What is needed is an exact reproduction of the listing, without its pictures.
• • •
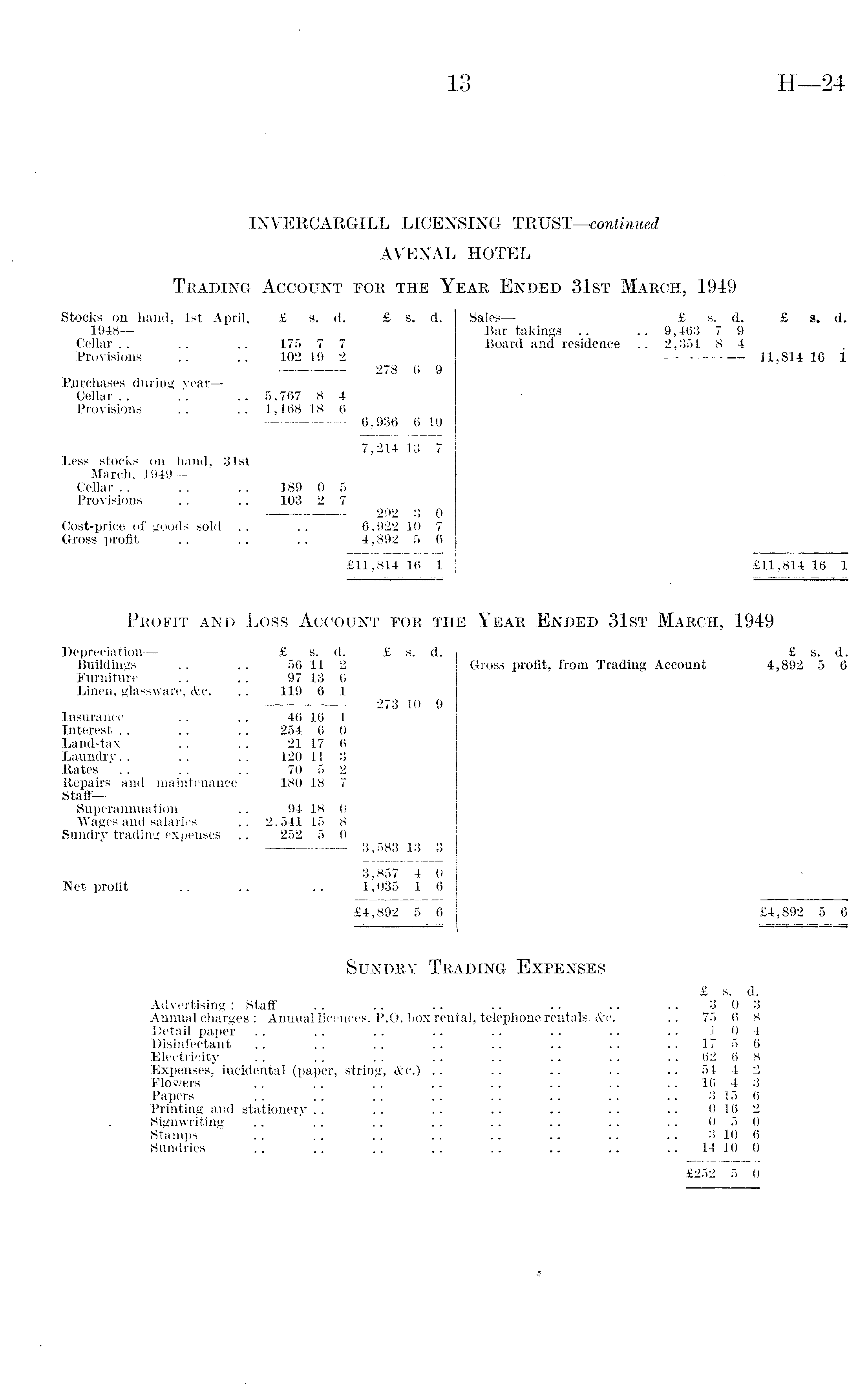 INVERCARGILL LICENSING TRUST —continued AVENAL HOTEL Trading Account for the Year Ended 31st March, 1949 Stocks oil hand, Ist April, £ s. d. £ s. d. Sales — £ s. d. £ s. d. 1948 — Bar takings .. .. 9,463 7 9 Cellar .. .. .. 175 7 7 Board and residence .. 2,351 8 4 Provisions .. .. 102 19 2 11,814 16 1 278 6 9 Purchases during yearCellar .. .. .. 5,767 8 4 Provisions .. .. 1,168 18 6 6,936 6 10 7,214 13 7 Less stocks on hand, 31st March. 1949 Cellar.. .. .. 189 0 5 Provisions .. .. 103 2 7 292 3 0 Cost-price of goods sold .. .. 6,922 10 7 Gross profit .. .. .. 4,892 5 6 £11,814 16 1 £11,814 16 1 Profit and Loss Account for the Year Ended 31st March, 1949 Depreciation— £ s. d. £ s. d. £ s. d. Buildings .. .. 56 11 2 Gross profit, from Trading Account 4,892 5 6 Furniture .. .. 97 13 6 Linen, glassware, &c. .. 119 6 1 273 10 9 Insurance .. .. 46 16 1 Interest .. .. .. 254 6 0 Land-tax .. .. 21 17 6 Laundry.. .. .. 120 11 3 Rates . . .. .. 70 5 2 Repairs and maintenance 180 18 7 Staff— Superannuation .. 94 18 0 Wages and salaries .. 2,541 15 8 • Sundry trading expenses .. 252 5 0 , 3,583 13 3 3,857 4 0 Net profit .. .. .. 1,035 1 6 £4,892 5 6 " £4,892 5 6 Sundry Trading Expenses £ s. d. Advertising : Staff .. .. .. .. .. .. .. 303 Annual charges : Annual licences, P.O. box rental, telephone rentals, <frc. .. 75 6 8 Detail paper .. .. .. .. .. .. .. .. 104 Disinfectant .. .. .. .. .. .. .. 17 5 6 Electricity . . .. . . .. .. .. .. 62 6 8 Expenses, incidental (paper, string, &e.) .. .. .. .. 54 4 2 Flowers .. .. .. .. .. .. .. 16 4 3 Papers .. .. .. .. .. .. .. • 3 15 6 Printing and stationery .. .. .. .. .. .. .. 0 16 2 Signwriting .. .. .. .. .. .. .. .. 050 Stamps .. .. .. .. .. .. .. .. 3 10 6 Sundries .. .. .. .. .. .. .. 14 10 0 £252 5 0
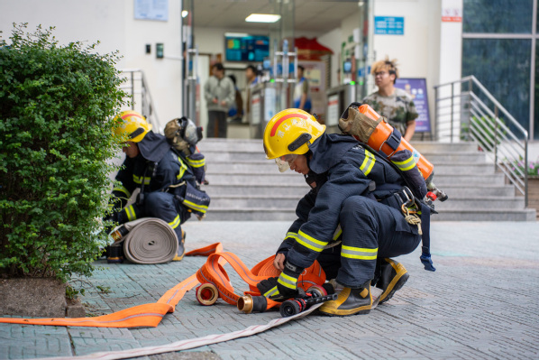 本次演练分为反恐防爆、消防疏散、医疗救护、电梯救援、防汛救灾等部分。
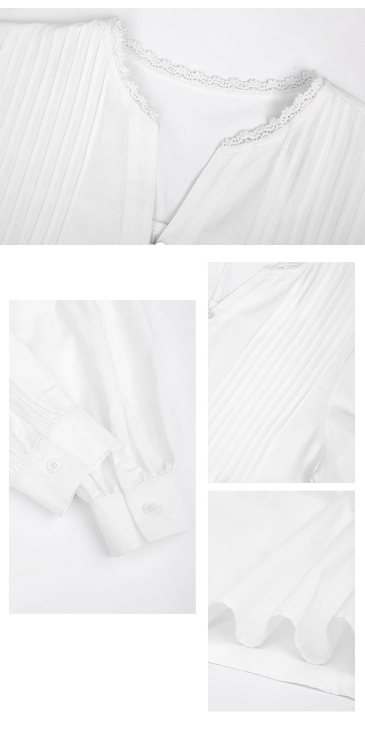 White Lantern Sleeve Blouse Women Spring Fall French V-Neck Long Sleeve Elegant Petite Office Shirt Stylish Casual Chic Top clothes
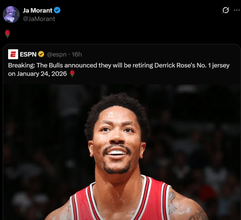 虎扑08月22日讯 今日,ESPN官方更新动态,宣布公牛将在2026年1月26日正式退役德里克-罗斯的1号球衣。
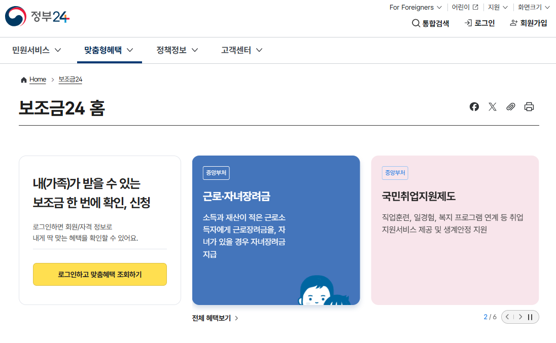 내가 받을 수 있는 모든 정부 혜택을 한 번에 확인하고 싶다면 아래 '보조금24' 사이트를 활용해 보세요. 간단한 정보 입력만으로 놓치고 있던 지원금을 찾을 수 있습니다.
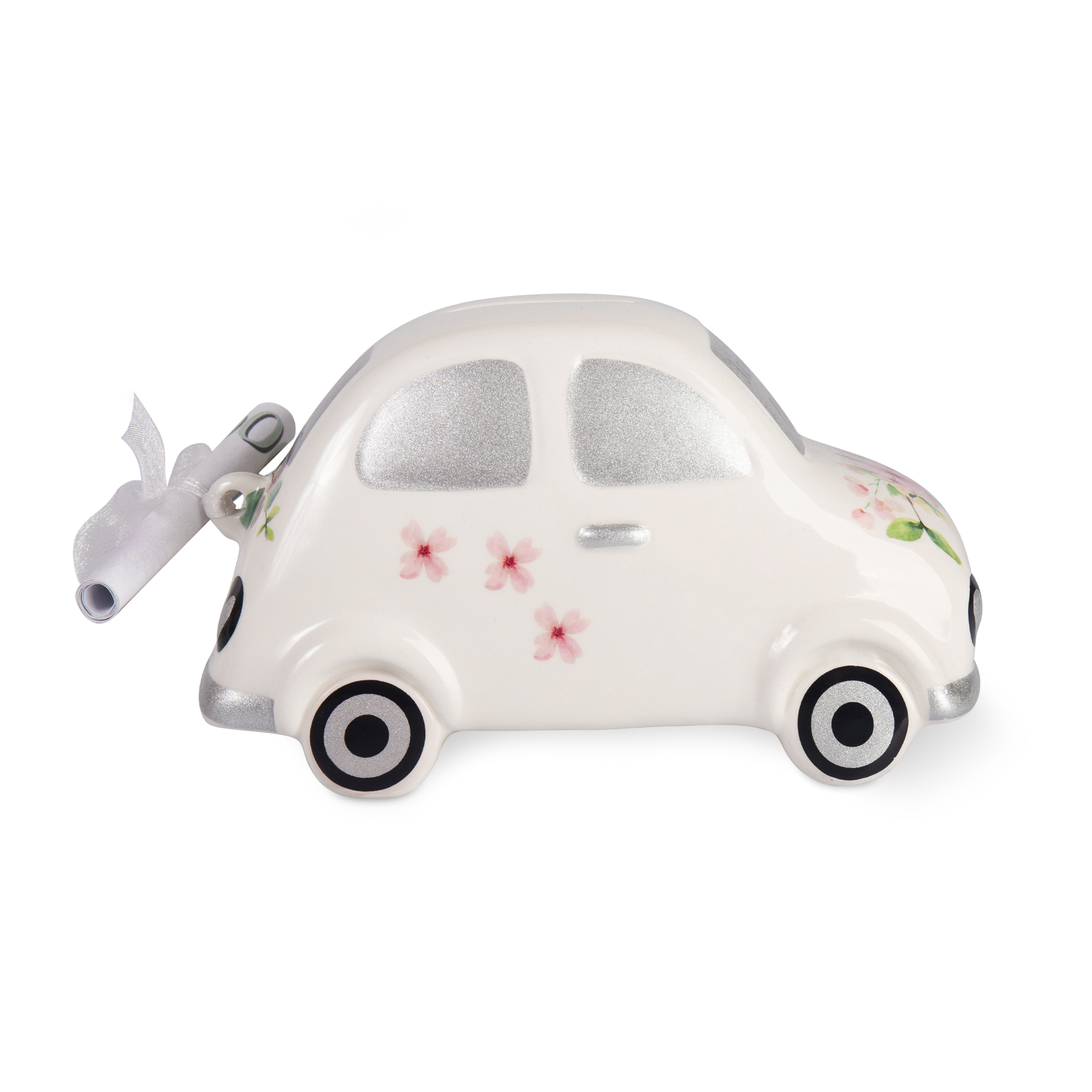 Chystáte se letos na svatbu a hledáte originální a zároveň vtipný způsob, jak novomanželům darovat peníze? A líbí se vám nápad přispět jim na jejich svatební cestu? Tato keramická pokladnička bude tou správnou volbou: peníze můžete vložit dovnitř autíčka nebo roličku bankovky přivázat dozadu nad SPZ Novomanželé. Autíčko má na spodní straně otvor pro pozdější vyndání nastřádaných peněz. Rozměry: 9 cm × 8,5 cm ×15 cm Materiál: keramika
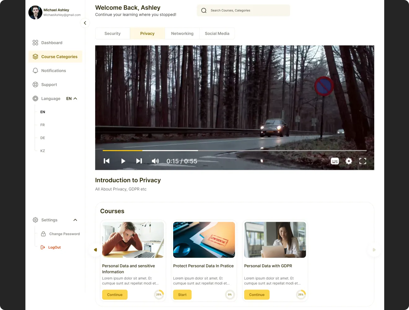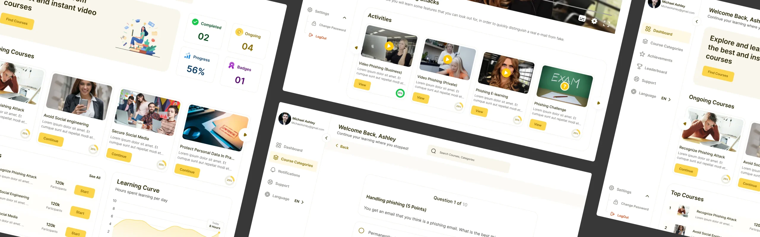We assessed Cyber Inc.’s goals and analyzed existing LMS platforms, like Moodle or IOMAD. It was clear that an off-the-shelf solution would limit the product long term, so we aligned on building the LMS from scratch.
• • •
Solution below —
 INVERCARGILL LICENSING TRUST —continued AVENAL HOTEL Trading Account for the Year Ended 31st March, 1949 Stocks oil hand, Ist April, £ s. d. £ s. d. Sales — £ s. d. £ s. d. 1948 — Bar takings .. .. 9,463 7 9 Cellar .. .. .. 175 7 7 Board and residence .. 2,351 8 4 Provisions .. .. 102 19 2 11,814 16 1 278 6 9 Purchases during yearCellar .. .. .. 5,767 8 4 Provisions .. .. 1,168 18 6 6,936 6 10 7,214 13 7 Less stocks on hand, 31st March. 1949 Cellar.. .. .. 189 0 5 Provisions .. .. 103 2 7 292 3 0 Cost-price of goods sold .. .. 6,922 10 7 Gross profit .. .. .. 4,892 5 6 £11,814 16 1 £11,814 16 1 Profit and Loss Account for the Year Ended 31st March, 1949 Depreciation— £ s. d. £ s. d. £ s. d. Buildings .. .. 56 11 2 Gross profit, from Trading Account 4,892 5 6 Furniture .. .. 97 13 6 Linen, glassware, &c. .. 119 6 1 273 10 9 Insurance .. .. 46 16 1 Interest .. .. .. 254 6 0 Land-tax .. .. 21 17 6 Laundry.. .. .. 120 11 3 Rates . . .. .. 70 5 2 Repairs and maintenance 180 18 7 Staff— Superannuation .. 94 18 0 Wages and salaries .. 2,541 15 8 • Sundry trading expenses .. 252 5 0 , 3,583 13 3 3,857 4 0 Net profit .. .. .. 1,035 1 6 £4,892 5 6 " £4,892 5 6 Sundry Trading Expenses £ s. d. Advertising : Staff .. .. .. .. .. .. .. 303 Annual charges : Annual licences, P.O. box rental, telephone rentals, <frc. .. 75 6 8 Detail paper .. .. .. .. .. .. .. .. 104 Disinfectant .. .. .. .. .. .. .. 17 5 6 Electricity . . .. . . .. .. .. .. 62 6 8 Expenses, incidental (paper, string, &e.) .. .. .. .. 54 4 2 Flowers .. .. .. .. .. .. .. 16 4 3 Papers .. .. .. .. .. .. .. • 3 15 6 Printing and stationery .. .. .. .. .. .. .. 0 16 2 Signwriting .. .. .. .. .. .. .. .. 050 Stamps .. .. .. .. .. .. .. .. 3 10 6 Sundries .. .. .. .. .. .. .. 14 10 0 £252 5 0
 本次演练分为反恐防爆、消防疏散、医疗救护、电梯救援、防汛救灾等部分。
 White Lantern Sleeve Blouse Women Spring Fall French V-Neck Long Sleeve Elegant Petite Office Shirt Stylish Casual Chic Top clothes
 虎扑08月22日讯 今日,ESPN官方更新动态,宣布公牛将在2026年1月26日正式退役德里克-罗斯的1号球衣。
 내가 받을 수 있는 모든 정부 혜택을 한 번에 확인하고 싶다면 아래 '보조금24' 사이트를 활용해 보세요. 간단한 정보 입력만으로 놓치고 있던 지원금을 찾을 수 있습니다.
 Chystáte se letos na svatbu a hledáte originální a zároveň vtipný způsob, jak novomanželům darovat peníze? A líbí se vám nápad přispět jim na jejich svatební cestu? Tato keramická pokladnička bude tou správnou volbou: peníze můžete vložit dovnitř autíčka nebo roličku bankovky přivázat dozadu nad SPZ Novomanželé. Autíčko má na spodní straně otvor pro pozdější vyndání nastřádaných peněz. Rozměry: 9 cm × 8,5 cm ×15 cm Materiál: keramika
We assessed Cyber Inc.’s goals and analyzed existing LMS platforms, like Moodle or IOMAD. It was clear that an off-the-shelf solution would limit the product long term, so we aligned on building the LMS from scratch.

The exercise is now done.